IAEA reviews safety assessment of planned French repository

20 December 2016

The safety options for France's planned deep geological repository for the disposal of high- and intermediate-level radioactive waste are "overall thorough", an International Atomic Energy Agency (IAEA) review team has concluded. The team also proposed recommendations for further demonstrating the robustness of the disposal system.

Cigeo vision (Andra) 460x298
Cigéo's underground operations will ultimately occupy 15 km2 (Image: Andra)

France plans to construct the Centre Industriel de Stockage Géologique (Cigéo) repository - an underground system of disposal tunnels - in a natural layer of clay near Bure, to the east of Paris in the Meuse/Haute Marne area. The facility is to be financed by radioactive waste generators - EDF, Areva and the French Alternative Energies and Atomic Energy Commission - and managed by waste management agency Andra. The application to regulators to construct Cigéo should be submitted in 2017, with construction itself starting in 2020. The pilot phase of disposal could start in 2025.

Andra has submitted a "safety options dossier" for the Cigéo project to the French regulator, the Autorité de Sûreté Nucléaire (ASN). This sets out the chosen objectives, concepts and principles for ensuring the safety of the facility. The dossier gives Andra the possibility of getting advice from ASN in preparation for the licence application on the safety principles and approach.

At the request of the ASN, the IAEA conducted a peer review from 7-15 November of Cigéo's "safety options dossier". The review was carried out against the relevant IAEA safety standards and proven international practice and experience. It focused on the strategy of research and development and knowledge acquisition, the approach for defining scenarios for operational and post-closure safety assessment. The review also addressed the approach for post-Fukushima actions.

Christophe Kassiotis, head of ASN's waste, research and fuel cycle facilities department, said: "We requested an IAEA review because we wanted an independent international assessment of the safety considerations of the Cigéo project to complement our national assessment."

The IAEA team assessed the strategy of research and development of the project, as well as the methodology of development of scenarios for operational and long-term safety.

The IAEA review team leader, Jussi Heinonen, said there was reasonable assurance about the "robustness of the disposal concept and Andra's ability to develop a safety demonstration". However he added, "We identified a few additional post-closure scenarios and operational design aspects that Andra should consider to further strengthen the confidence in the safety assessment."

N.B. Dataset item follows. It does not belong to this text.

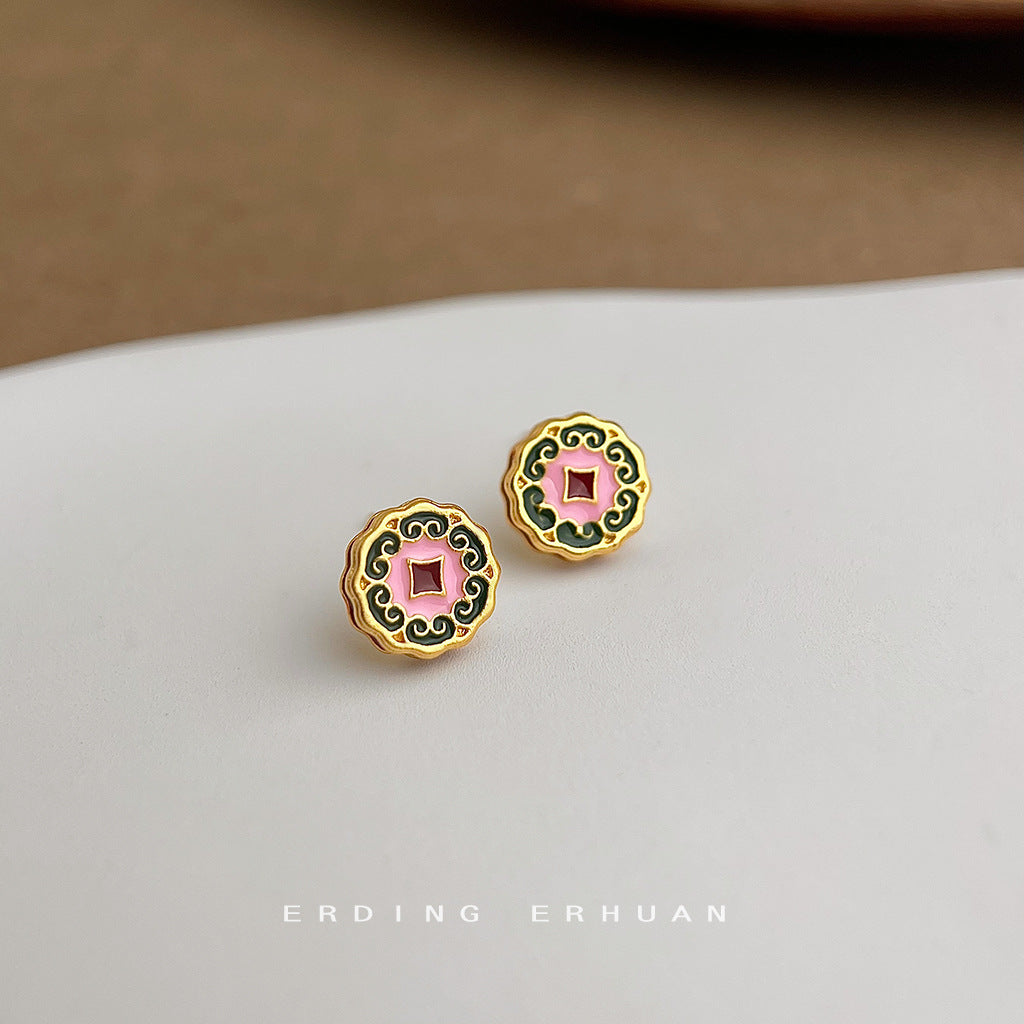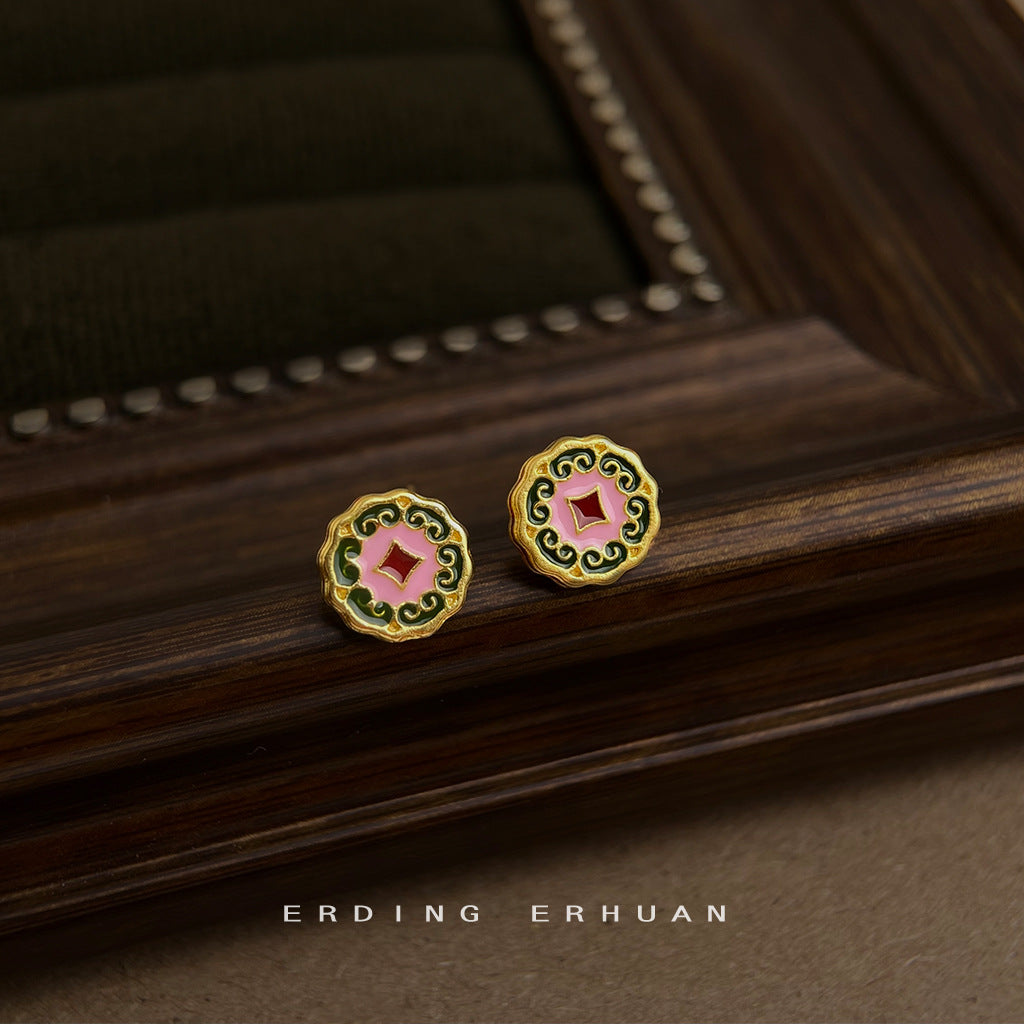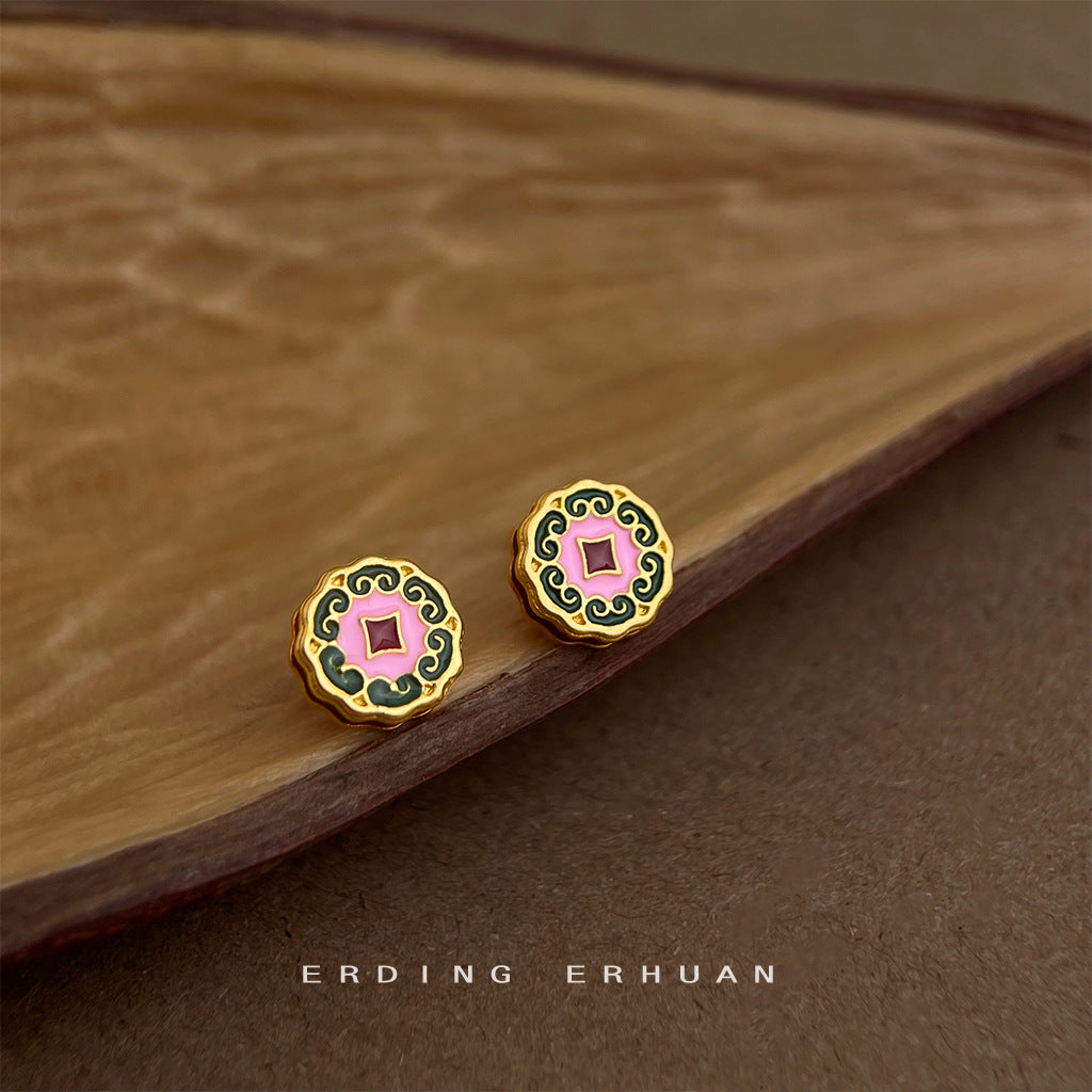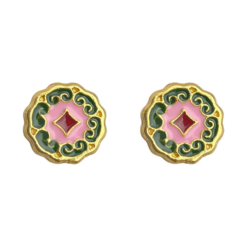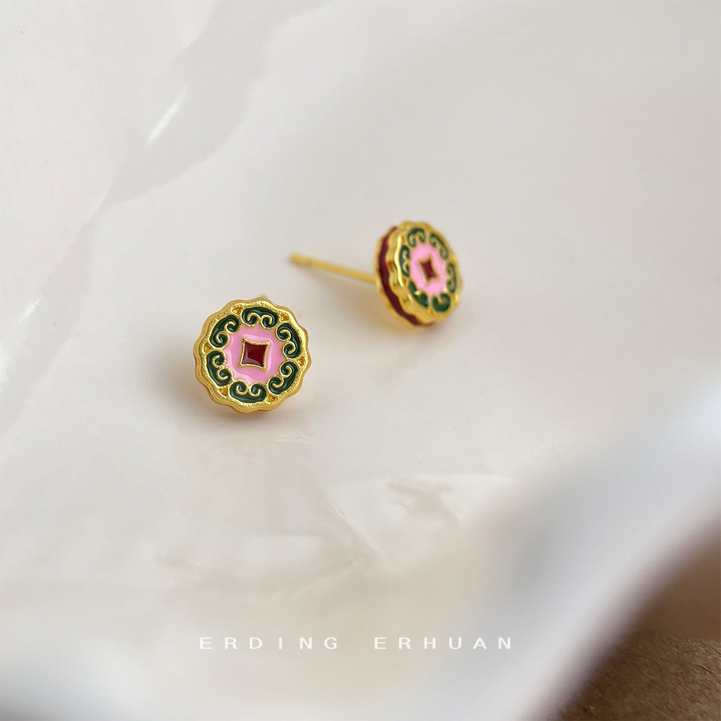 C廠【5452】新中式925銀針鍍14K琺瑯滴釉簡約小巧通勤百搭圓形彩銅錢耳環耳飾 25.02-3

Heinonen said the team suggested improvements to Andra's research and development planning and monitoring program development.

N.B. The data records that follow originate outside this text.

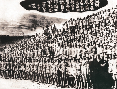 圖10 1938年1月,八路軍第一一五師主力開(kāi)辟晉西南抗日根據(jù)地。圖為羅榮桓(二排左三)、楊尚昆(二排左二)等在孝義。
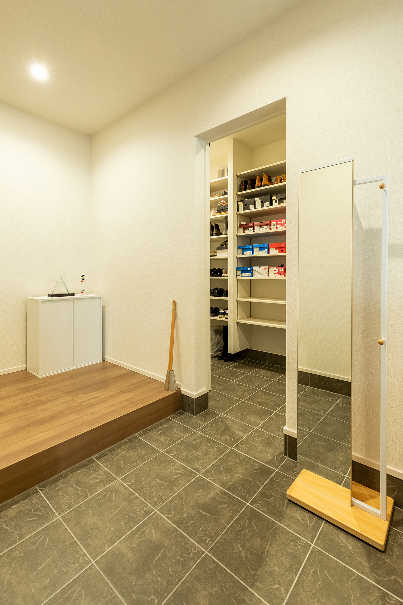 【外観】間口いっぱいのカーポート。ガルバ+木目調+オーバースライディングのシャッターが印象的な外観です。 【玄関】広々とした玄関スペースにはシューズクロークを隣接。
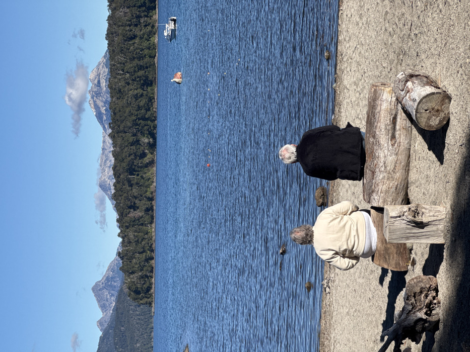 The image depicts a tranquil lakeside scene in the Municipio de Villa La Angostura, Argentina. Two individuals, observed from behind, are seated on cut logs on a sandy beach in the foreground, facing the large blue lake and distant mountains. The person on the left wears a light-colored long-sleeved garment, while the person on the right wears a dark-colored long-sleeved garment. Both appear to be adults with light-colored hair. The lake's surface is mildly rippled. Across the lake, a dense, dark green forest lines the distant shore, behind which several large mountains with snow-capped peaks are visible against a clear, bright blue sky with scattered white clouds. On the lake itself, an orange partially submerged object and a smaller orange buoy are visible, along with a string of small white buoys and a white motorboat anchored or docked further to the right. The immediate beach area includes additional natural logs and branches.
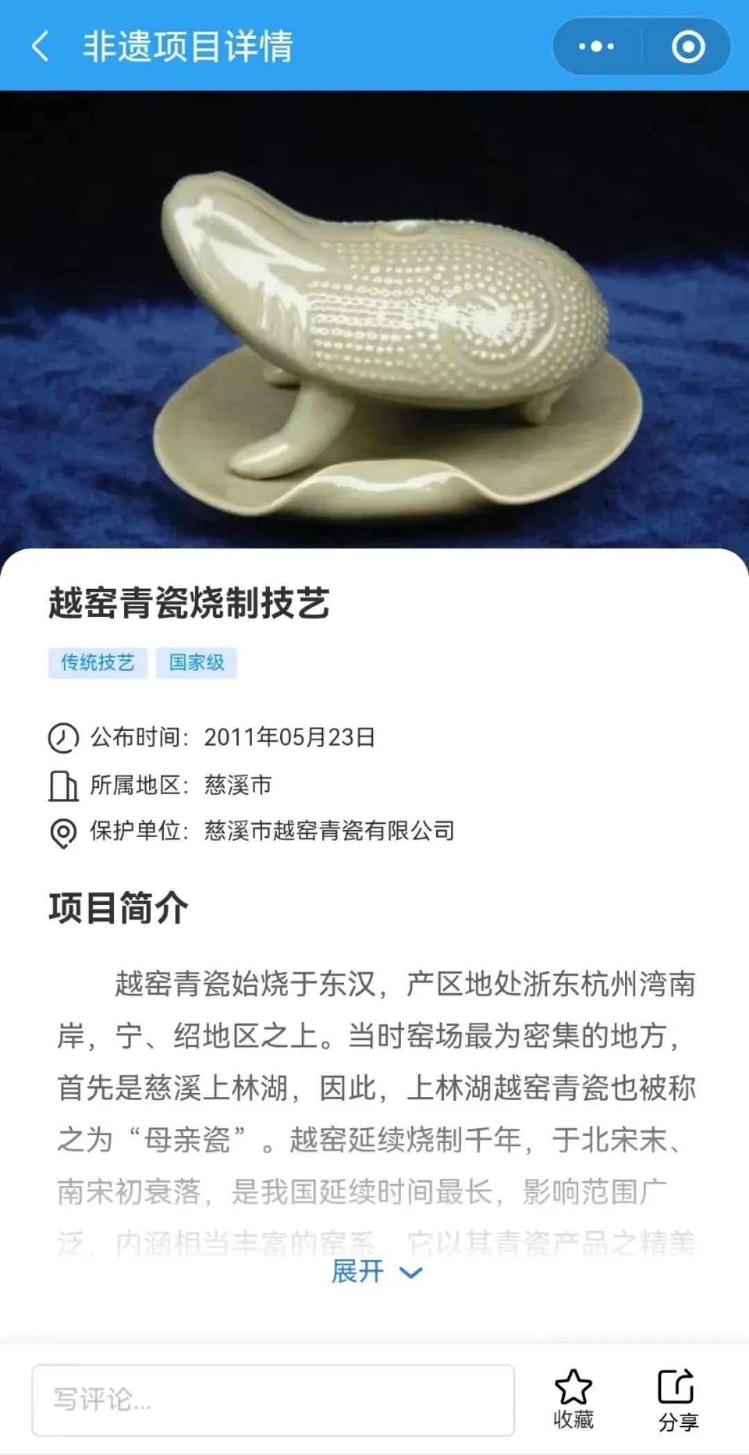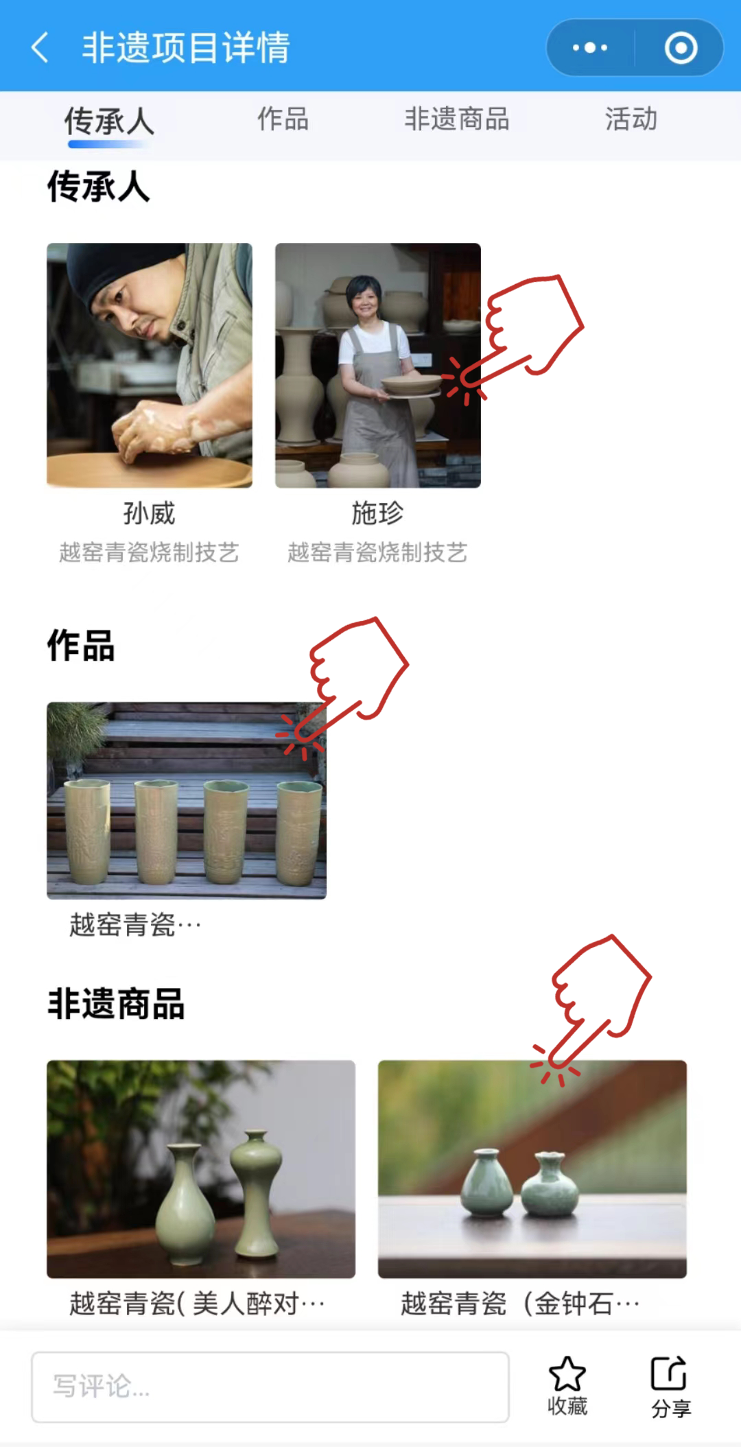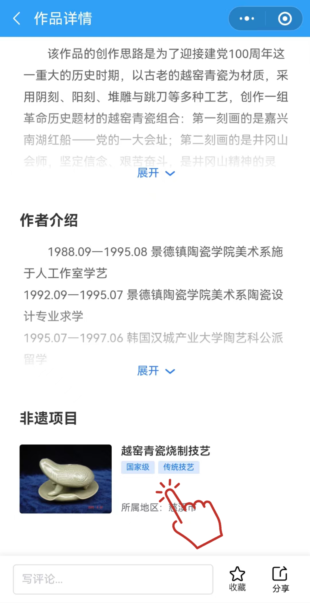 作品以卡片状显示图片、名称、材质和作者,点击具体的作品,则显示规格、创作时间、作品介绍、作者介绍等相关信息,并关联作品相关的非遗项目,点击可实现一键跳转,了解作品背后的项目知识。同样也提供评论、收藏和分享。收藏的作品可以在“我的”→“收藏”→“非遗作品”查看。

The IAEA team said it considers Andra's methodology for evaluating operational safety is comprehensive and systematic. With regard to post-Fukushima actions, the team said Andra has used ASN specifications for the "stress tests" on nuclear installations as a guideline for integrating complementary safety assessments into the design of Cigéo. The team recommended Andra considers "the use of filtration of exhaust air from the underground facility and evaluate the robustness of its design for the removal of high water ingress from tunnels/ramp sections".

The review team said it encourages ASN, Andra and the Institute for Radiological Protection and Nuclear Safety to use the review of the dossier "as a basis to further precise the expectations for the licence application". It added, "This is especially important as the planned Cigéo facility is one-of-a-kind."